Under the Federal Reserve framework, the interest rate cut cycle remains unchanged: indicating that potential risks still exist
On November 7th, the Federal Reserve lowered the federal funds target rate by 25 basis points to 4.50%-4.75%, in line with market expectations. The meeting provided limited incremental information and did not change the rate-cutting cycle, emphasizing data-dependent decision-making. Although the U.S. economy shows resilience, attention must still be paid to labor market data. Guojin Securities recommends allocating to gold, pharmaceuticals (innovative drugs), U.S. Treasuries, and U.S. stocks, particularly waiting for adjustment opportunities in gold and U.S. Treasuries
According to the Zhitong Finance APP, Guojin Securities released a strategy report stating that the Federal Reserve lowered interest rates by 25bps to 4.50%-4.75%, in line with market expectations. The meeting provided limited incremental information and did not change the rate-cutting cycle, emphasizing data-dependent decision-making. The U.S. economy appears resilient, but risks remain, necessitating close monitoring of labor market data. Recommended allocations include gold, pharmaceuticals (innovative drugs), U.S. Treasuries, and U.S. stocks, with gold and Treasuries requiring a wait for adjustment opportunities, innovative drugs benefiting from the rate-cutting cycle, and U.S. stocks potentially adjusting due to renewed economic risks.
The main points of the report are as follows:
On November 7 local time, the Federal Reserve announced a reduction of the federal funds target rate range by 25bps to 4.50%-4.75%, marking the second consecutive rate cut since September 2024. From March 2022 to July 2023, the Federal Reserve raised rates a total of 11 times, by 525 basis points, and then maintained the target rate range unchanged for eight consecutive meetings.
A bland meeting with limited incremental information, future focus on labor market data
The Federal Reserve's November 2024 meeting lowered the federal funds target rate range by 25bps to 4.50%-4.75%, consistent with market consensus expectations.
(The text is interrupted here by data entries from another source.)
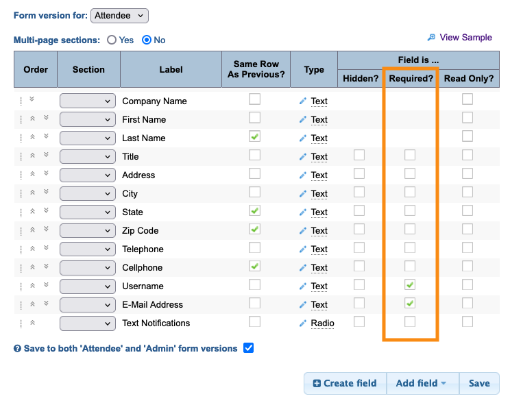 You can set any form field as Required (as shown above). When you add or import your Attendees to MeetMax, you’ll need to enter information in all of the required form fields. So you’ll want to set the Required fields based on the details you have now.
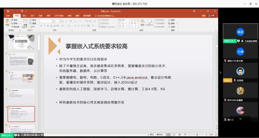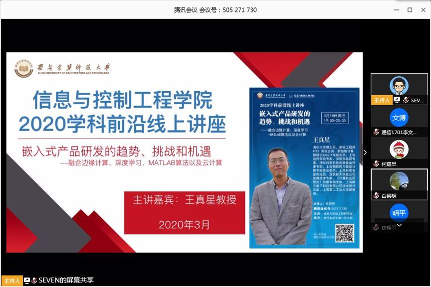 本科生第一党支部承办的“2020学科前沿线上讲座”正式开讲。本次线上讲座由高级工程师王真星教授带来题为“嵌入式产品研发的趋势、挑战和机遇(融合边缘计算、深度学习、MALTAB算法和云计算)”的报告。豆花视频
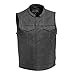 Multifeatured Motorcycle Vest: The mens motorcycle leather vest has two exterior pockets, two interior cell phone pockets, and blacked-out snaps so you don’t have to worry about anything else just enjoying your ride.
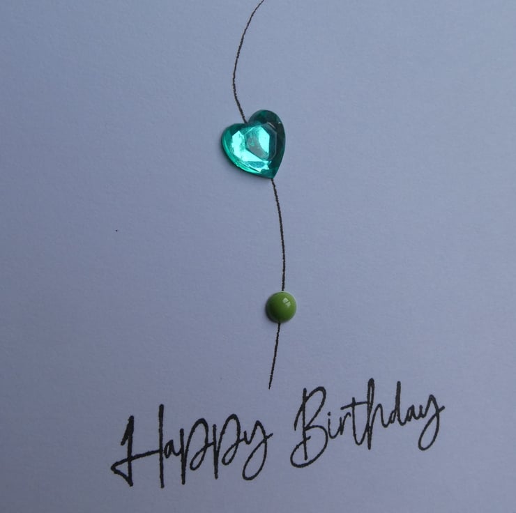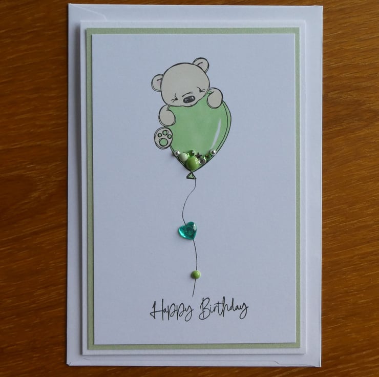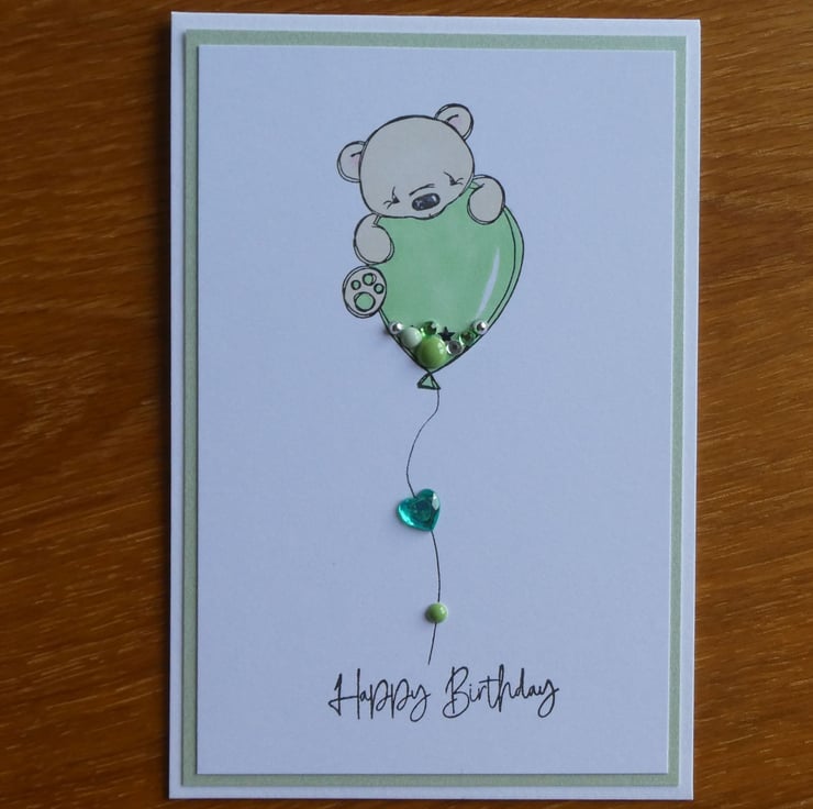 This birthday card has been hand stamped with a teddy bear holding onto a drifting balloon, coloured in soft pastel green and finished with a mixture of sequins and faux pearls.
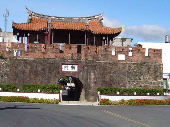 路中央,現(xiàn)已設(shè)立圓環(huán)予以保護,由于位居往來要道,可說是一般游客最熟悉的城門。城樓前方設(shè)有軒亭,其作用如一般民家前的騎樓,具防日曬雨淋之效,屬于十分罕見的設(shè)計,F(xiàn)貌為69年修葺,與原貌已有出入。
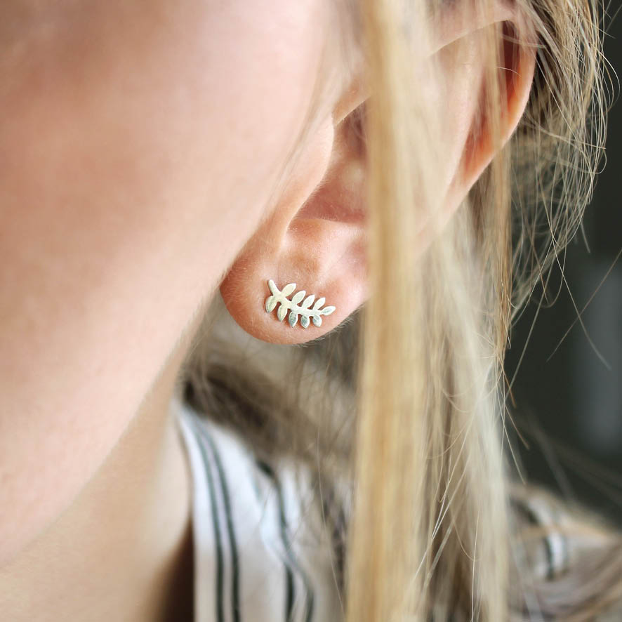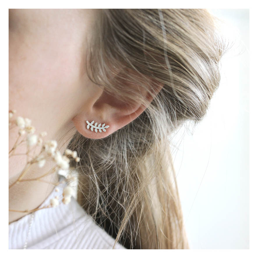 Brinco folha. Joia em prata 960
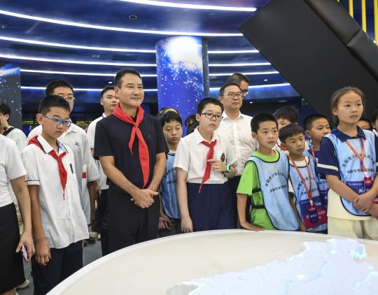 8月14日,中国人民解放军航天员大队特级航天员翟志刚参观珊瑚实验小学科技馆。
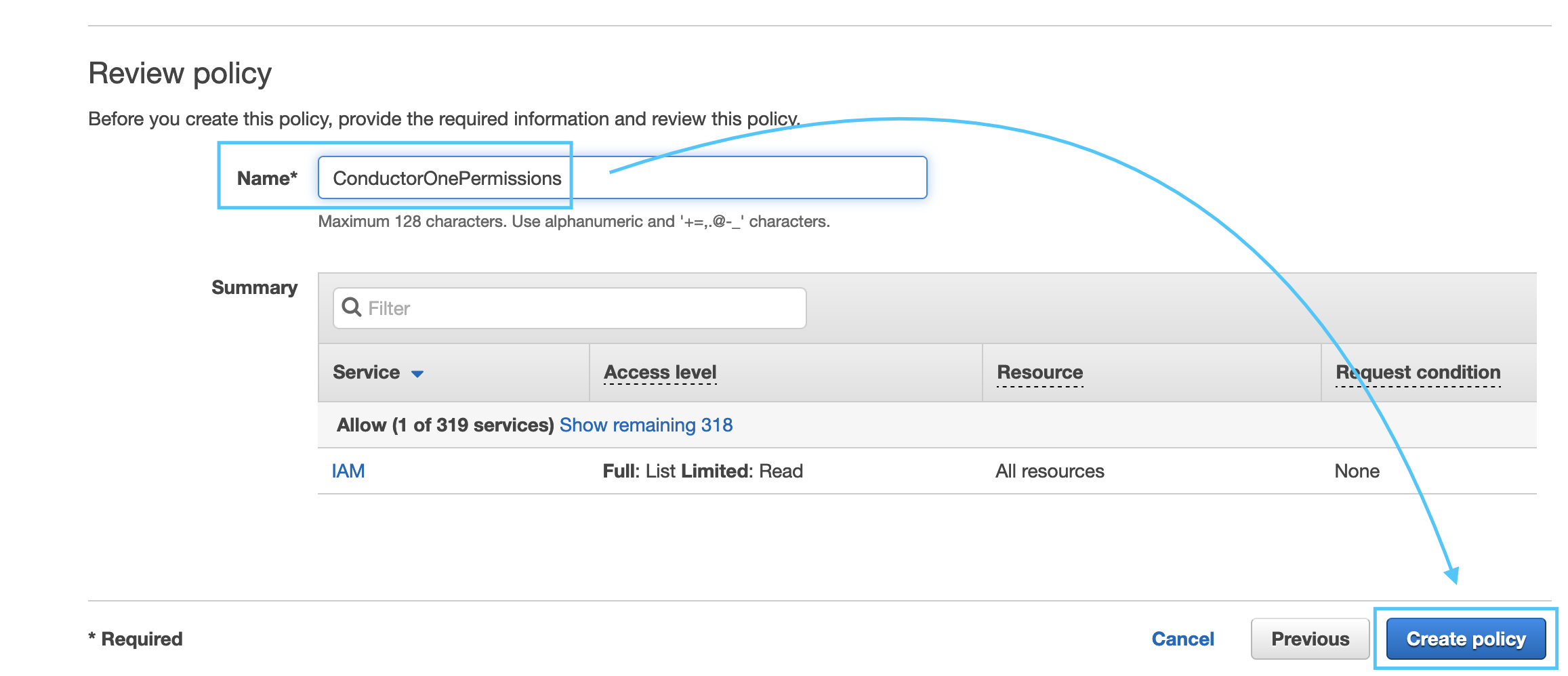 Give the policy a name, such as ConductorOnePermissions and click Create Policy.
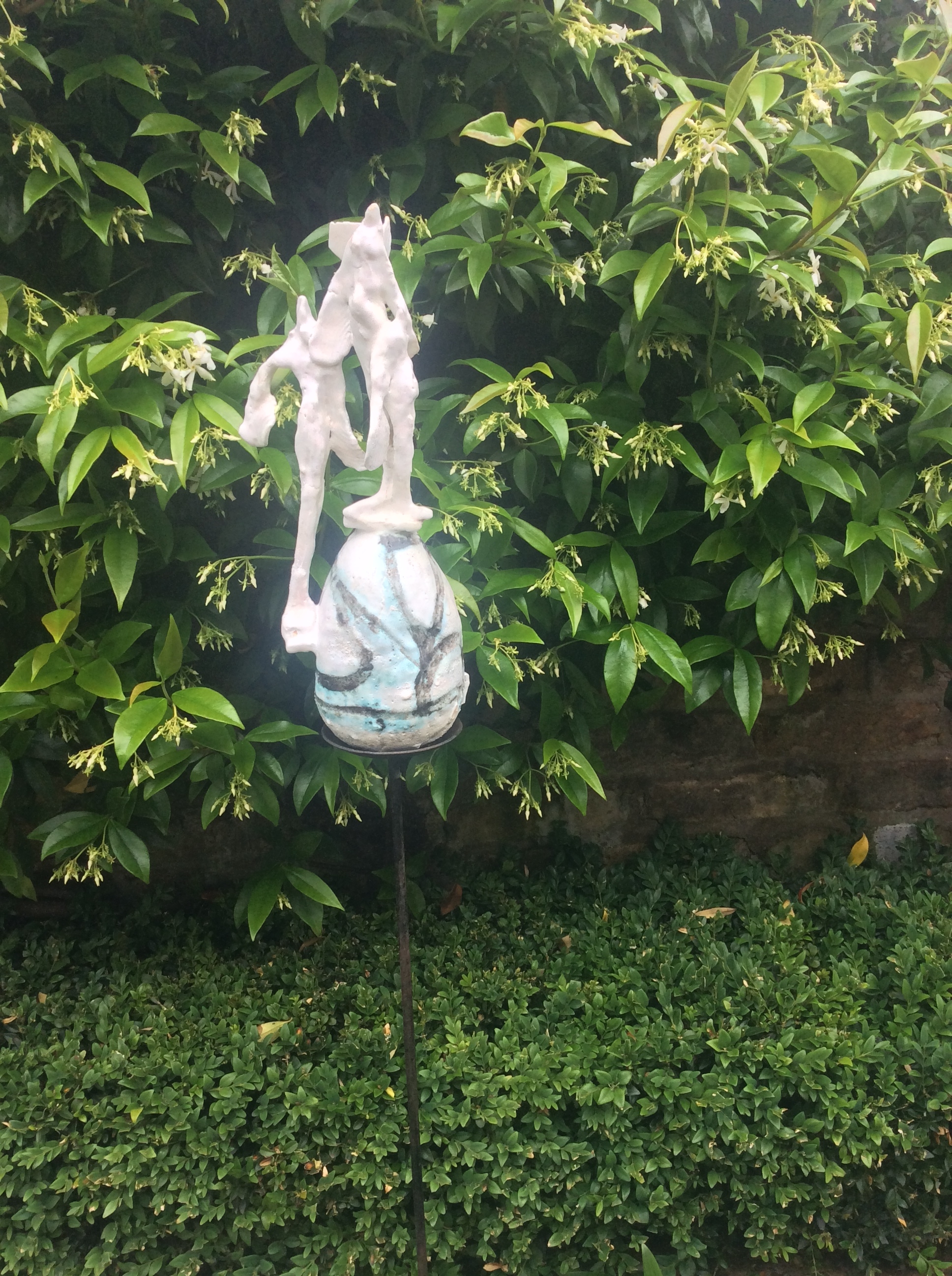So this year I leafed through the booklet listing the artists with more sadness than enthusiasm. However, that is how I came to meet the lovely Caroline Winn. She is a potter based betwixt Chiswick and Cornwall and makes quirky semi-abstract pieces that I instinctively knew would appeal. I immediately bought these two for the kitchen and the garden.

The main changes in the statement from this meeting are as follows: 1) Slightly altered the wording describing the labor market, changing "job growth has slowed" to "labor market conditions have loosened since earlier this year"; 2) Removed the description from the September statement that "confidence in inflation returning to the 2% target has increased"; 3) All members unanimously agreed to cut rates by 25bp, whereas in the previous meeting, Federal Reserve Governor Bowman leaned towards a 25bp cut rather than a 50bp cut.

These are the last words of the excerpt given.